Leaving out the pictures, retype the lines from the beginning of the listing through the line containing "グータラしていたオランウータン。彼らにはカラッとしたハワイの空気より、ジメッとしたボルネオの空気の方が合うのかも。 | |".

### Data below
# # # # #

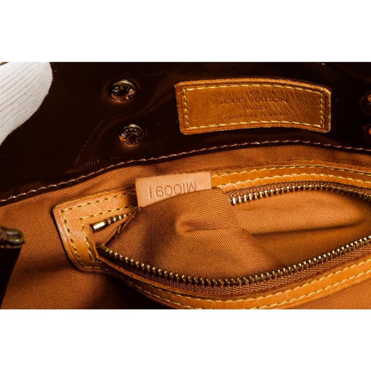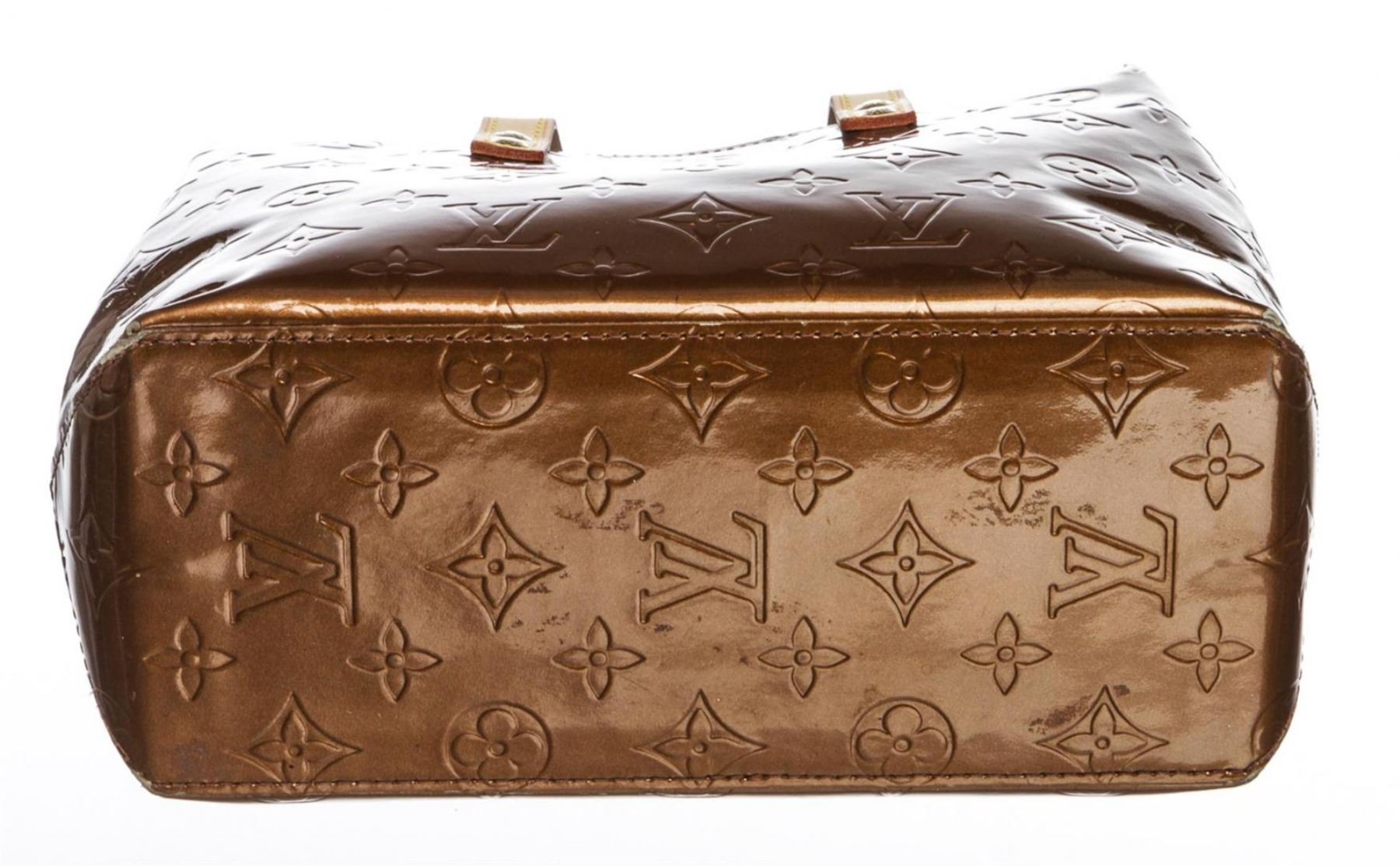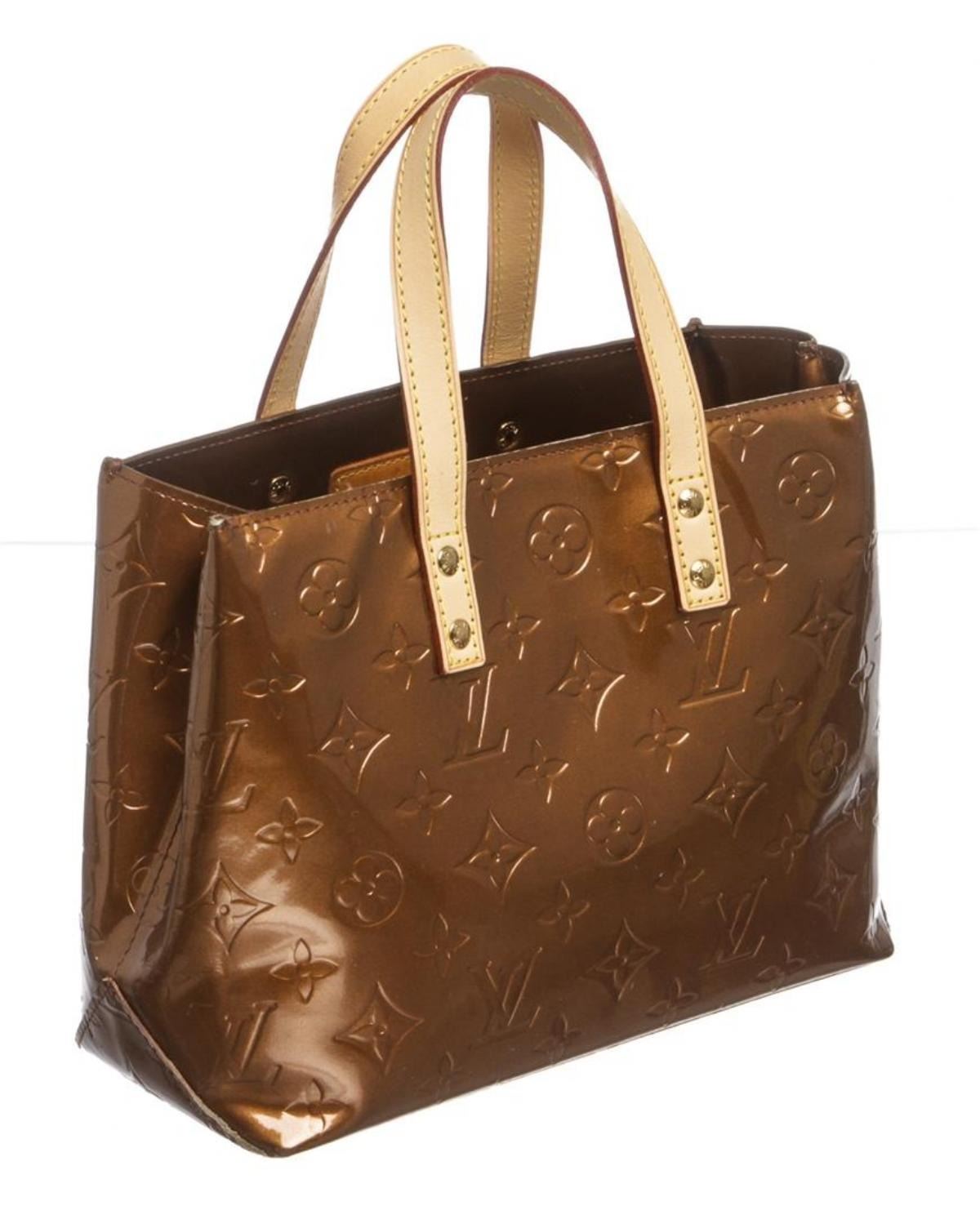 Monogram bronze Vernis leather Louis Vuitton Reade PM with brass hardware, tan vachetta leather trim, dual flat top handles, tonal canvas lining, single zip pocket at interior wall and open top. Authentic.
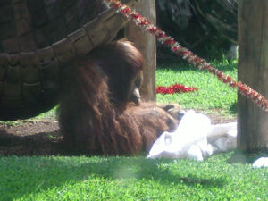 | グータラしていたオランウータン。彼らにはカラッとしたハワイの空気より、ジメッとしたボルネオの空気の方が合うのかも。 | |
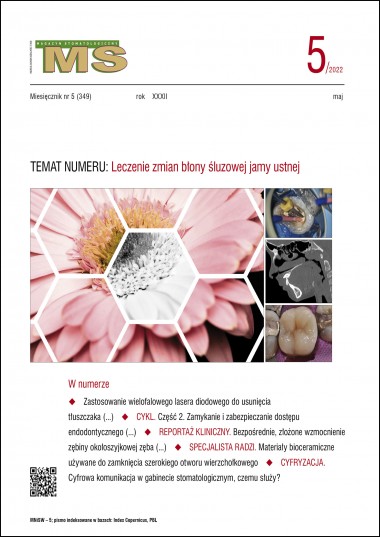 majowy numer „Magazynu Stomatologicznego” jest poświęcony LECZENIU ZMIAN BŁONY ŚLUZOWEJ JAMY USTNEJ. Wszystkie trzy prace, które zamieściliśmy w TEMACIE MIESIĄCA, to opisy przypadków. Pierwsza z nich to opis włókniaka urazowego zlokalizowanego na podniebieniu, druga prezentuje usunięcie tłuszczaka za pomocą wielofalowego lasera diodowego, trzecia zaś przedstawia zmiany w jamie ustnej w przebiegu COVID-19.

# # # # #

### Result of the task
 Monogram bronze Vernis leather Louis Vuitton Reade PM with brass hardware, tan vachetta leather trim, dual flat top handles, tonal canvas lining, single zip pocket at interior wall and open top. Authentic.
 | グータラしていたオランウータン。彼らにはカラッとしたハワイの空気より、ジメッとしたボルネオの空気の方が合うのかも。 | |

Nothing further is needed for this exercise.